En las entrevistas, explicó que se sintió apoyada, respetada y comprendida por su equipo, enfatizando que siempre se sintió empoderada para hablar si algo la hacía sentir incómoda.
Esta madurez sólo fortaleció su imagen pública.
Si bien la controversia de Vogue podría haber descarrilado la carrera de la joven modelo, se convirtió en un punto de inflexión que ayudó a pintar a Nikayla como una persona reflexiva y elocuente, consciente de las responsabilidades que conlleva la visibilidad.
Influencia creciente: portadas de revistas, éxito editorial y reconocimiento global
Cuando Nikayla entró en la adolescencia, su carrera ganó aún más impulso.
Apareció en las portadas de Teen Vogue y Jalouse , dos publicaciones que representaban diferentes públicos culturales pero que tenían una cosa en común: la pasión por descubrir talentos emergentes.
Vogue adolescente
En Teen Vogue, Nikayla personificó una versión fresca y auténtica de la cultura juvenil. Sus editoriales abordaron temas de creatividad, identidad y ambición.

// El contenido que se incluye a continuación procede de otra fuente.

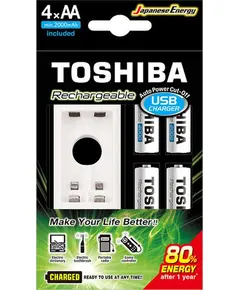 Τύπος συσκευής Φορτιστής μπαταριών Τύπος μπαταρίας φόρτισης AA, AAA Τάση 1.2 V Αριθμός μπαταριών που περιλαμβάνονται 4 AA Χωρητικότητα 2000 mAh l Περιλαμβάνει 4x Toshiba Rechargeable AA 2000mAh Batteries, 1x USB Charger Αριθμός κατασκευαστή...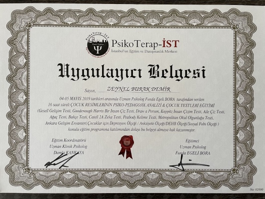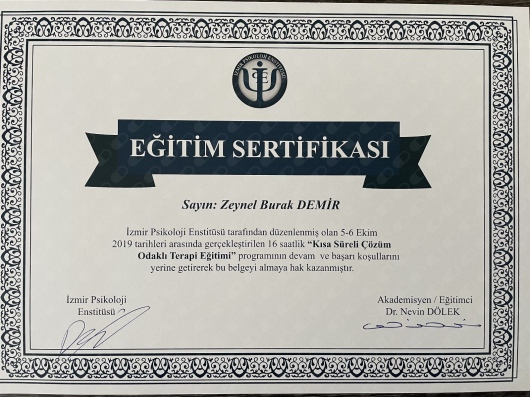 Lisans eğitimi ve Yüksek Lisans eğitimi süreçlerinde Manisa Ruh ve Sinir Hastalıkları hastanesinde staj programlarını başarı belgesi ile tamamlayan Z. Burak DEMİR, Lisans ve Yüksek Lisans eğitimleri dışında Bilişsel Davranışçı Terapi Derneği Temel Eğitim, Davranış Bilimleri Enstitüsü 1. Düzey EMDR eğitimi ve Çözüm Odaklı terapi eğitimleri almıştır. Göz Hareketleri ile Duyarsızlaştırma ve Yeniden İşleme(EMDR) Araştırma Geliştirme ve Uygulama Derneği üyesidir.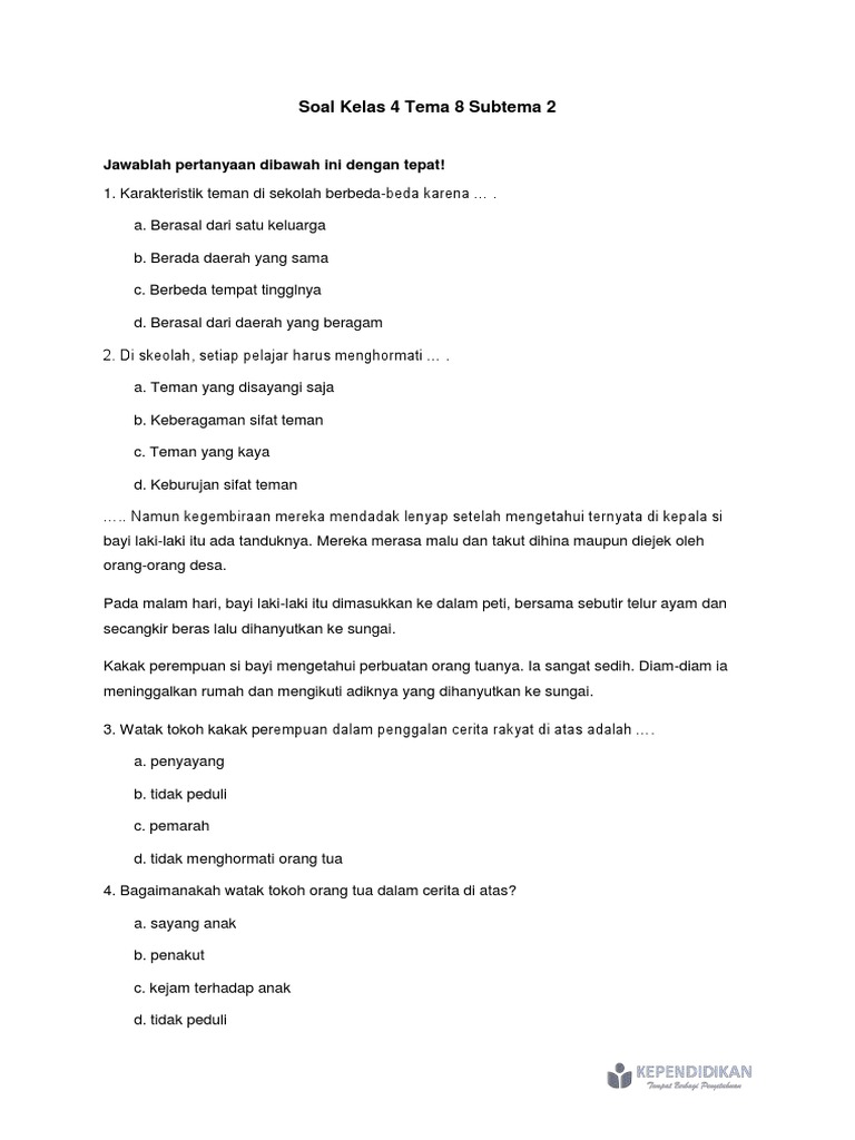 SOAL TEMATIK KELAS 4 TEMA 8 SUBTEMA 1 DAN JAWABAN - Kurikulum …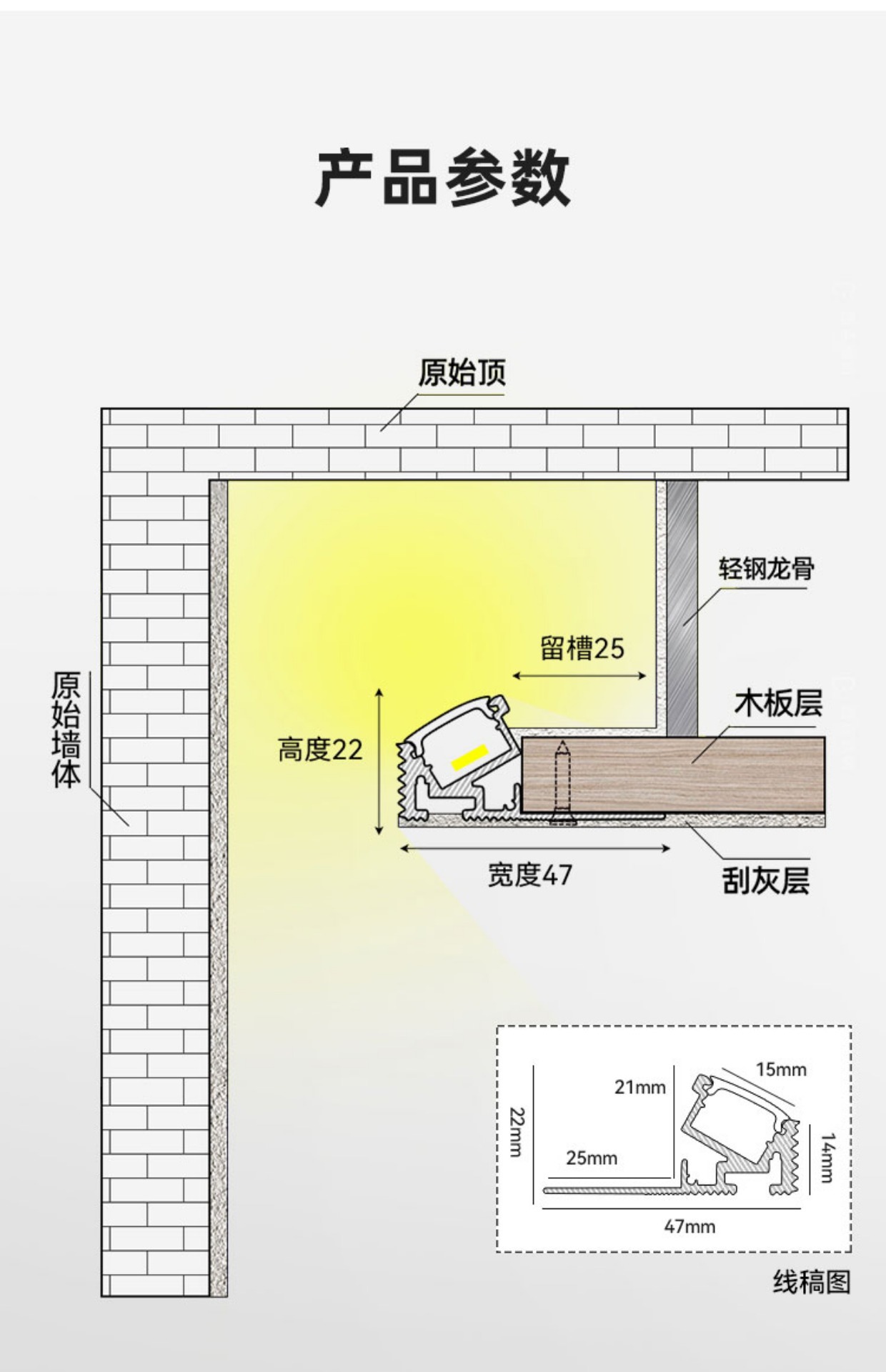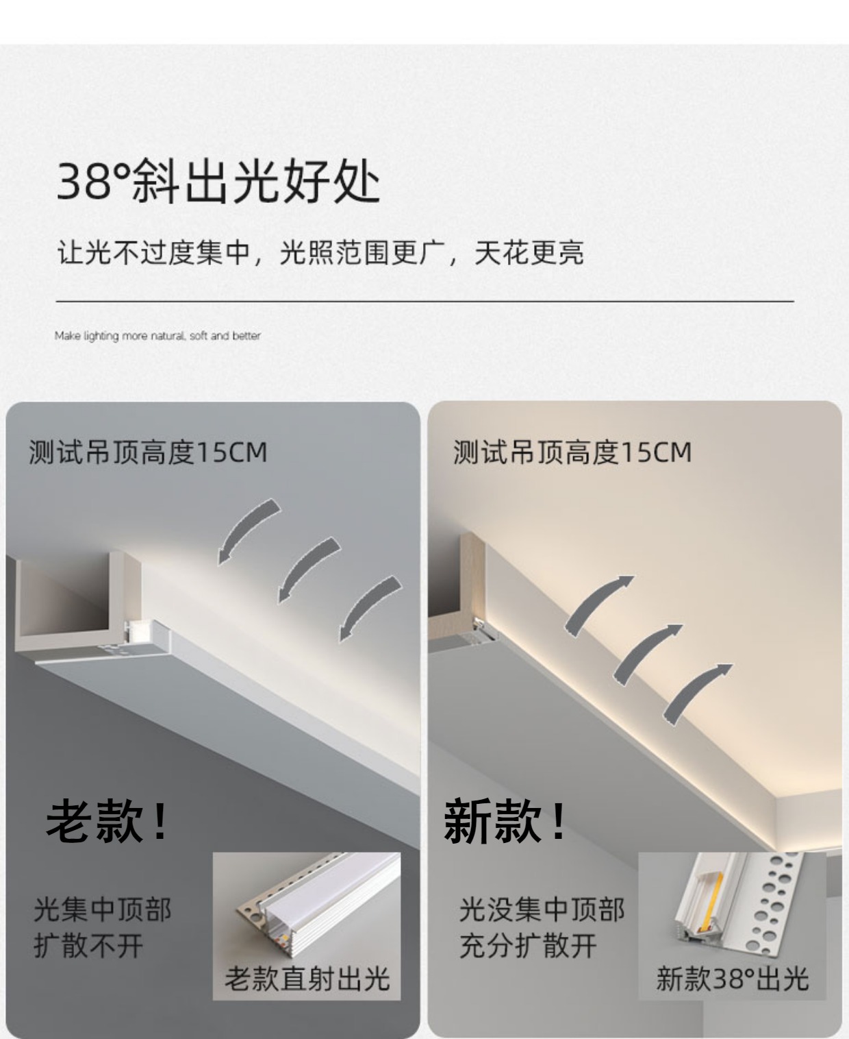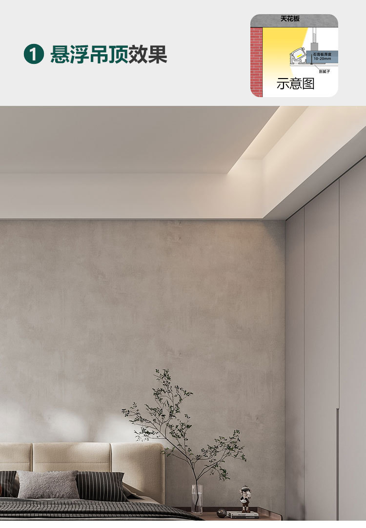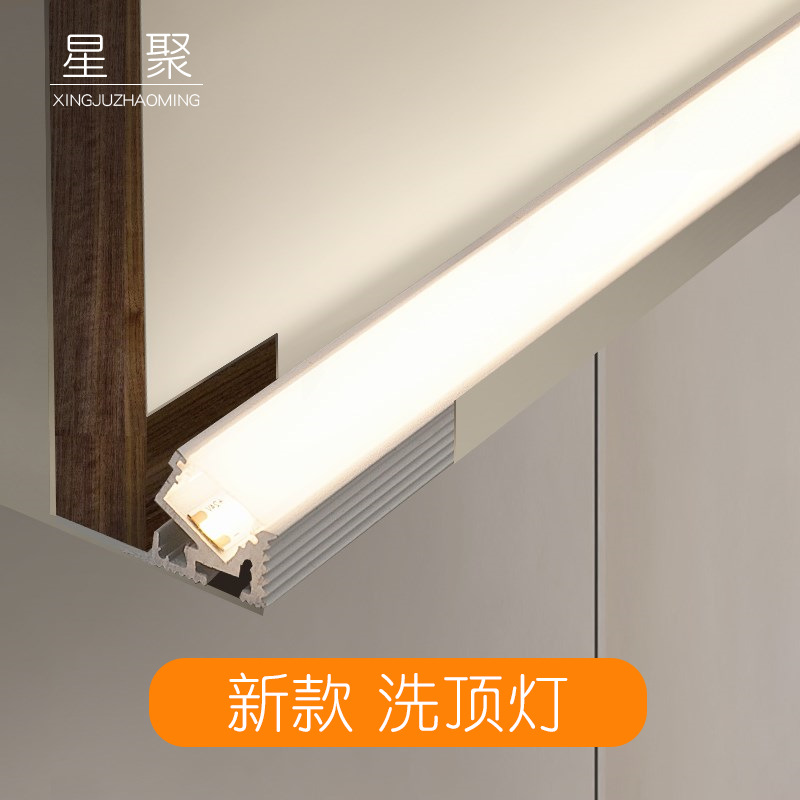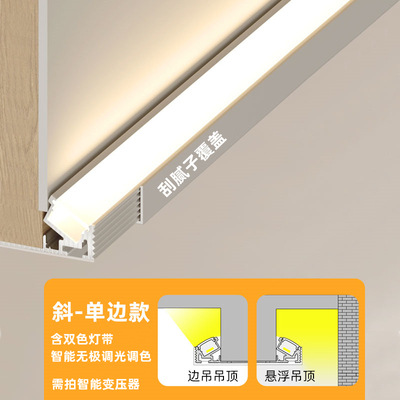 9URT单边向上斜出光边吊悬浮吊顶灯带漫反射线性灯免开槽洗顶反光

La revista elogió su capacidad de dar vida a una narrativa a través de la expresión, algo que no se enseña fácilmente.
Celos
En la revista de moda francesa Jalouse, adoptó conceptos más experimentales y vanguardistas. Sus fotos demostraron una gran versatilidad: podía encarnar la delicadeza, la claridad, la nostalgia o una visión futurista con la misma sutileza.
Mientras tanto, los fotógrafos de street style comenzaron a capturarla detrás de escena en desfiles de moda, llegando a eventos o caminando por distritos de moda alrededor del mundo.